According to media reports, Espaniola is recruiting fighters with certain combat and technical skills: reconnaissance saboteurs, snipers, drone operators, electronic warfare, air defense, anti-tank guided missiles, signalmen, driver mechanics, doctors. The battalion has its own training ground for military recruits, where they are also taught how to clear mines, pilot drones and operate missile defense systems.

On 11 December 2025 Russian Telegram channels reported Stanislav Orlov and Alexey Zhivov were detained in relation to an illicit weapons trade with Orlov possibly shot. Russian media claimed none of them were shot but there has been an internal conflict between unit's leaders on criminal motives. Orlov has been confirmed dead as of December 18, 2025. Opposition commentators on the other hand wrote Orlov was deliberately executed and presented CCTV footage of Russian servicemen arriving at his compound on Crimea, shortly before gunfire can be heard. The body was recovered hours later. The funeral service was held at Cathedral of Christ the Saviour in Moscow.
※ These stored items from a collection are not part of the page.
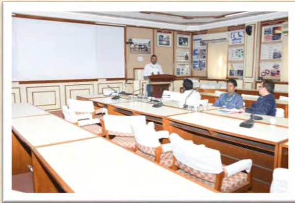
विश्व हिंदी दिवस समारोह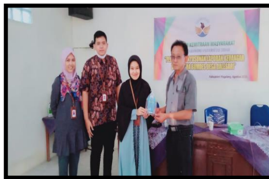
Gambar 4. Penyerahan plakat program pengabdian kepada masyarakat kepada Direktur BUMDes Desa Balesari

Kegiatan pelatihan penyusunan laporan keuangan pada BUMDes Desa Balesari telah dilaksanakan dengan baik dan lancar. Pengurus BUMDes antusias dalam mengikuti pelatihan, serta aktif untuk berdiskusi dengan pemateri. Dengan adanya pelatihan ini pengurus BUMDes memiliki pemahaman tentang dasar Akuntansi untuk melakukan penyusunan laporan keuangan yang memadai. Manfaat lain dari pelatihan ini yakni, pengurus BUMDes dapat mempertanggungjawabkan kegiatannya, salah satunya dengan melalui laporan keuangan.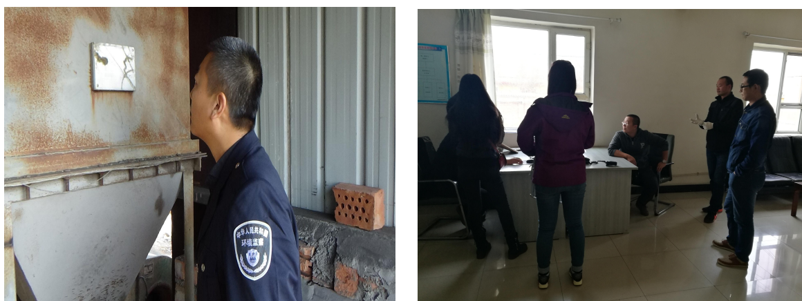
图： 执法人员现场检查照片

依据新《环评法》进行立案查处，这将是新环评法实施以来呼图壁县首个立案的未批先建违法行为，呼图壁县环保局将严格按照法律查处，起到查处一个、教育一片、震慑一方的效果，始终保持惩治环境违法的高压态势。维护群众环境权益和执法对象的合法权益，为建设“花儿昌吉、美丽呼图壁”而努力。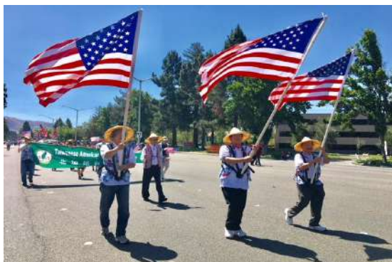
美國慶日花車大遊行@Fremont, CA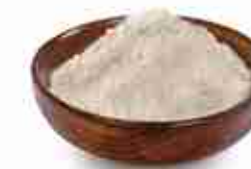
VIANDER LIEVITO IN POLVERE A, conf. 500 g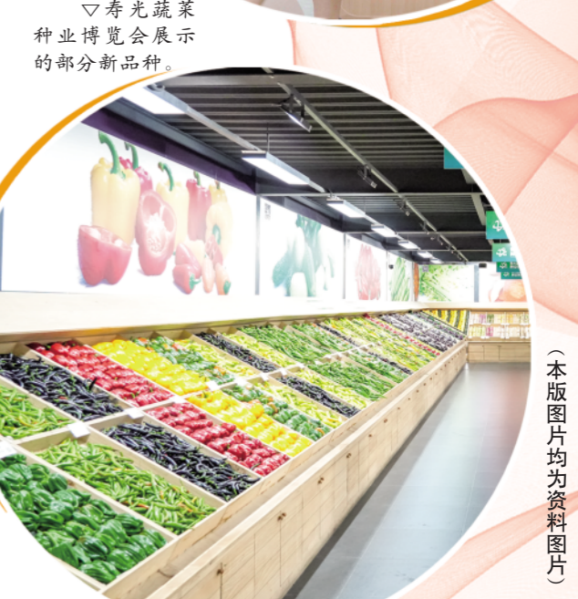
△寿光蔬菜种业博览会展示的部分新品种。

据介绍,寿光目前自主研发的蔬菜品种已达224个,国产蔬菜种子市场占有率从2010年的54%提升到现在的70%以上,其中黄瓜、圆茄、丝瓜等作物国产种子市场占有率达90%以上。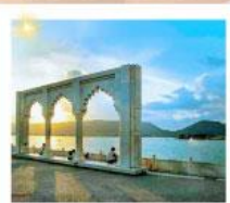
Ana Sagar Lake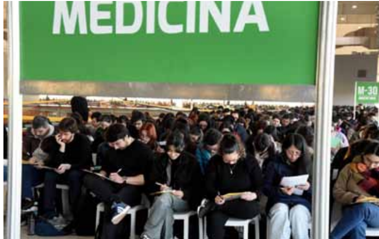
A rendir de nuevo. Si en el oral el profesional confirma sus conocimientos, se mantendrá la nota.

Después que el Ejecutivo comunicara que los médicos que sacaron por encima de 86 puntos en el examen tienen que volver a rendirlo, se generó conmoción y preocupación entre aquellos profesionales que estudiaron durante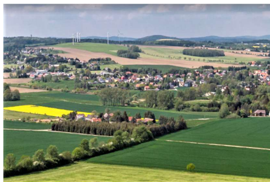
Aufblick auf den grünstrukturell abgegrenzten Siedlungssplitter der Folge im Vordergrund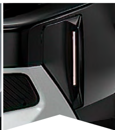
PRE ČIERNU PERLA NERA

Analyst Andrei Kolesnikov concluded that Orlovs killing was part of a purge against leaders of paramilitary groups.

=== Famous members ===
On August 7, 2023, former player of the Russian national team, CSKA Moscow and Lokomotiv, Andrei Solomatin announced his entry into the Espaniola battalion. He also said that he received the call sign "Soloma" and is located near Bakhmut.